(Beginning of DATA IN THIS EXERCISE)

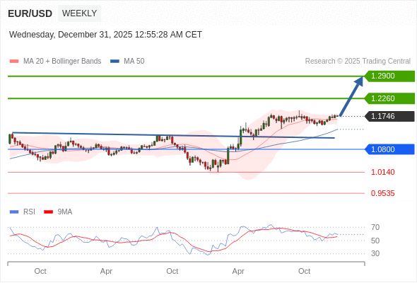 欧元/美元 中期: 进一步上涨。
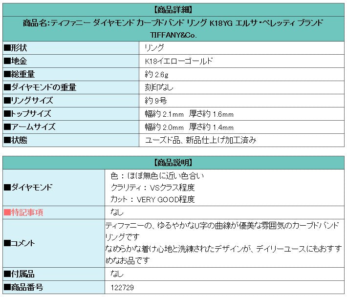 Product name: Tiffany Diamond Curved Band Ring K18YG Elsa Peretti Brand TIFFANY&Co.
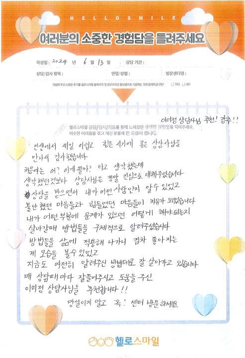 도움을 주신 헬로스마일 상담선생님 추천합니다.
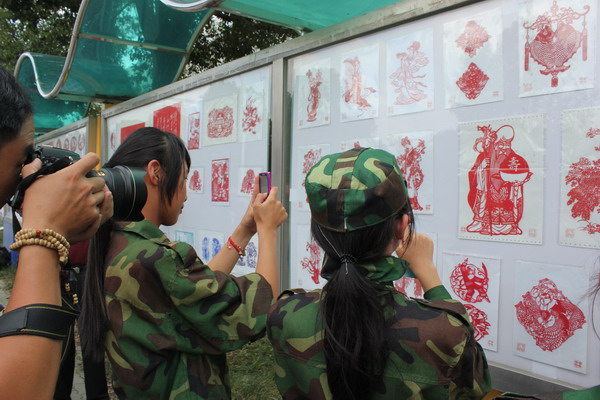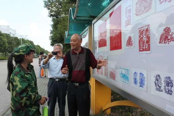 在布展現(xiàn)場(chǎng),得知是嘉興市老年大學(xué)剪紙研究會(huì)的老師,而且其中有本校退休副校長(zhǎng)包申國(guó)老師在指導(dǎo)布展,書畫社的同學(xué)紛紛上前邀請(qǐng)他們以后常來校指導(dǎo),老人們見這些小青年如此好學(xué),便將剩下的精美作品贈(zèng)送給他們帶回去好好研究,以使剪紙藝術(shù)這種非物質(zhì)文化遺產(chǎn)得以傳承。(何曉梅 趙遠(yuǎn)遠(yuǎn))
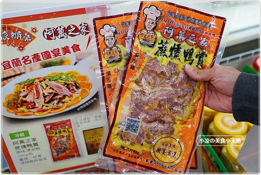 宜蘭傳承三代的阿萬之家蔗燻鴨賞有原味、黑胡椒,回家拆封加入蒜苗一起拌炒,不管是配飯、配酒都很有滋味! 亦可涼拌食用!
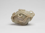 Naturalistically carved as a lotus pad borne on long, leafy and budding stems growing from one side of the cup to form the handle. With incised details and decorative pod and leaf carved in high relief.
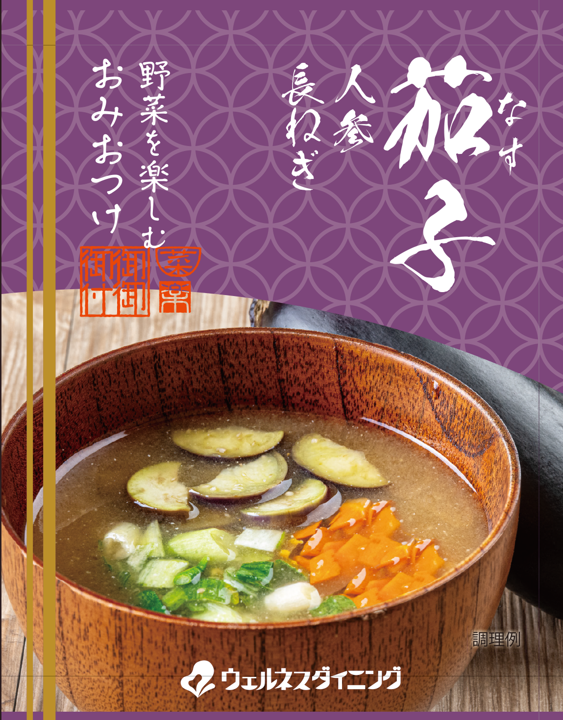 商品名:野菜を楽しむおみおつけ概要:出汁と味噌にこだわり、塩分量0.6gでも満足できる塩分を制限した味噌汁。
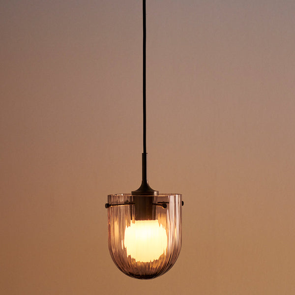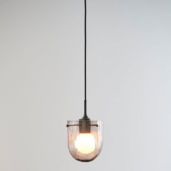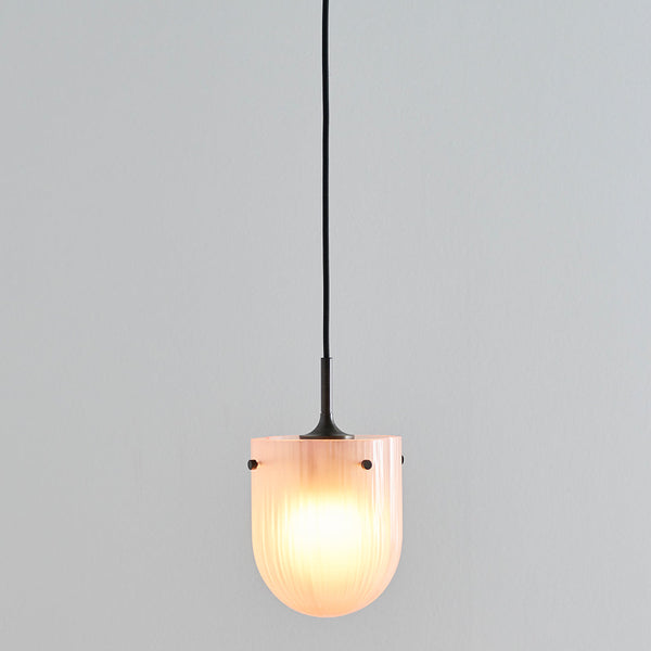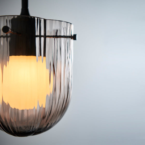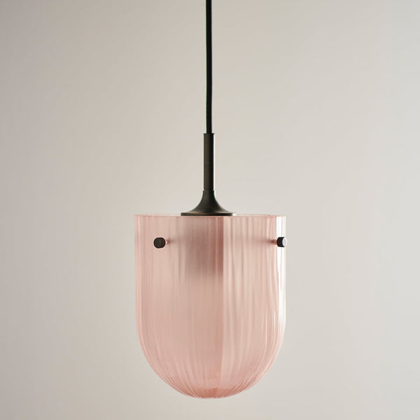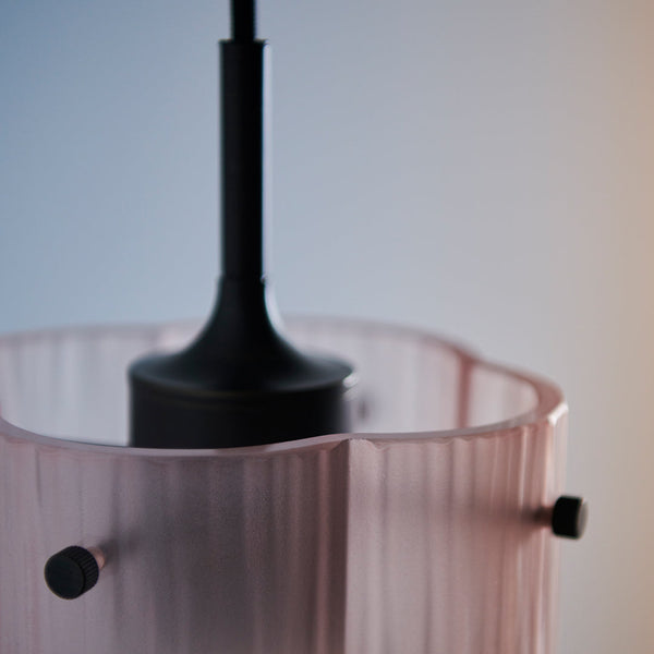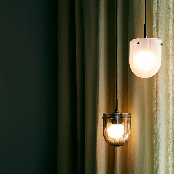 The Seine Collection by Space Copenhagen was inspired by the behavior of light in moving water, an effect that was captured through the use of patterned mouth-blown glass. The collection comprises of a Table Lamp, Ceiling Lamp, and Pendant, each of can be configured with a shade in Smoke, a lightly tinted translucent glass which reveals the inner structure of the lamp, or Coral, where the interior of the shade has been sand-blasted to create a clouded effect. Each Seine lamp draws on the power of glass to soften, layer, and blur light, creating a dreamy a reflective ambiance.
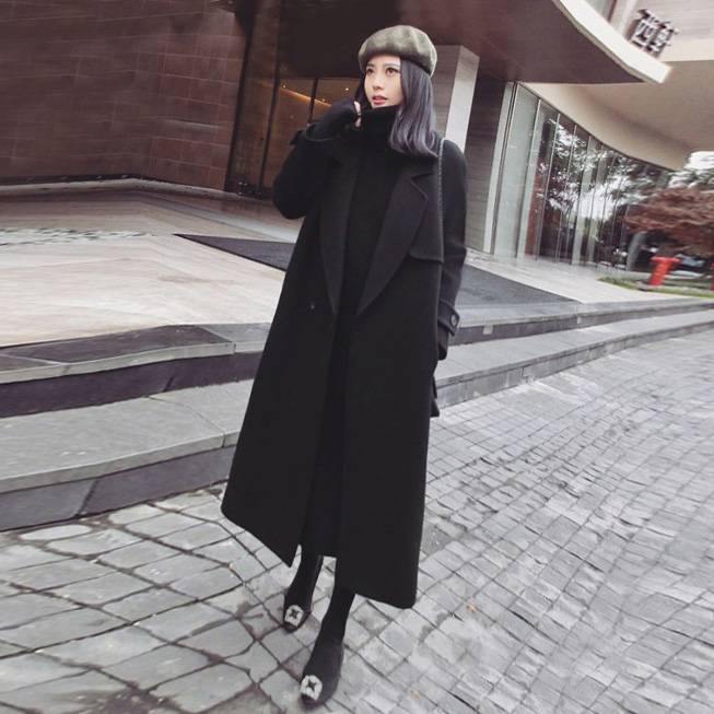 反季清仓过膝毛呢大衣韩版女秋冬中长款系带显瘦赫本双面呢子外套
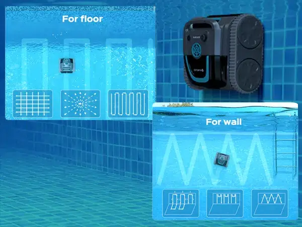 - Salida y espera en la pared: Al finalizar el ciclo, el limpiafondos se posiciona estratégicamente en la pared.
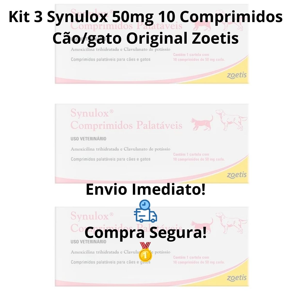 Grand Magasin Apresenta: Kit 3 unidades Synulox 50mg – Caixa Com 10 Comprimidos – Zoetis

(End of DATA IN THIS EXERCISE)

▶ **EXERCISE GOAL**:
An exact, image-free transcript of the material is required.

▶ **TASK SOLUTION**:
 欧元/美元 中期: 进一步上涨。
 Product name: Tiffany Diamond Curved Band Ring K18YG Elsa Peretti Brand TIFFANY&Co.
 도움을 주신 헬로스마일 상담선생님 추천합니다.
 在布展現(xiàn)場(chǎng),得知是嘉興市老年大學(xué)剪紙研究會(huì)的老師,而且其中有本校退休副校長(zhǎng)包申國(guó)老師在指導(dǎo)布展,書畫社的同學(xué)紛紛上前邀請(qǐng)他們以后常來校指導(dǎo),老人們見這些小青年如此好學(xué),便將剩下的精美作品贈(zèng)送給他們帶回去好好研究,以使剪紙藝術(shù)這種非物質(zhì)文化遺產(chǎn)得以傳承。(何曉梅 趙遠(yuǎn)遠(yuǎn))
 宜蘭傳承三代的阿萬之家蔗燻鴨賞有原味、黑胡椒,回家拆封加入蒜苗一起拌炒,不管是配飯、配酒都很有滋味! 亦可涼拌食用!
 Naturalistically carved as a lotus pad borne on long, leafy and budding stems growing from one side of the cup to form the handle. With incised details and decorative pod and leaf carved in high relief.
 商品名:野菜を楽しむおみおつけ概要:出汁と味噌にこだわり、塩分量0.6gでも満足できる塩分を制限した味噌汁。
 The Seine Collection by Space Copenhagen was inspired by the behavior of light in moving water, an effect that was captured through the use of patterned mouth-blown glass. The collection comprises of a Table Lamp, Ceiling Lamp, and Pendant, each of can be configured with a shade in Smoke, a lightly tinted translucent glass which reveals the inner structure of the lamp, or Coral, where the interior of the shade has been sand-blasted to create a clouded effect. Each Seine lamp draws on the power of glass to soften, layer, and blur light, creating a dreamy a reflective ambiance.
 反季清仓过膝毛呢大衣韩版女秋冬中长款系带显瘦赫本双面呢子外套
 - Salida y espera en la pared: Al finalizar el ciclo, el limpiafondos se posiciona estratégicamente en la pared.
 Grand Magasin Apresenta: Kit 3 unidades Synulox 50mg – Caixa Com 10 Comprimidos – Zoetis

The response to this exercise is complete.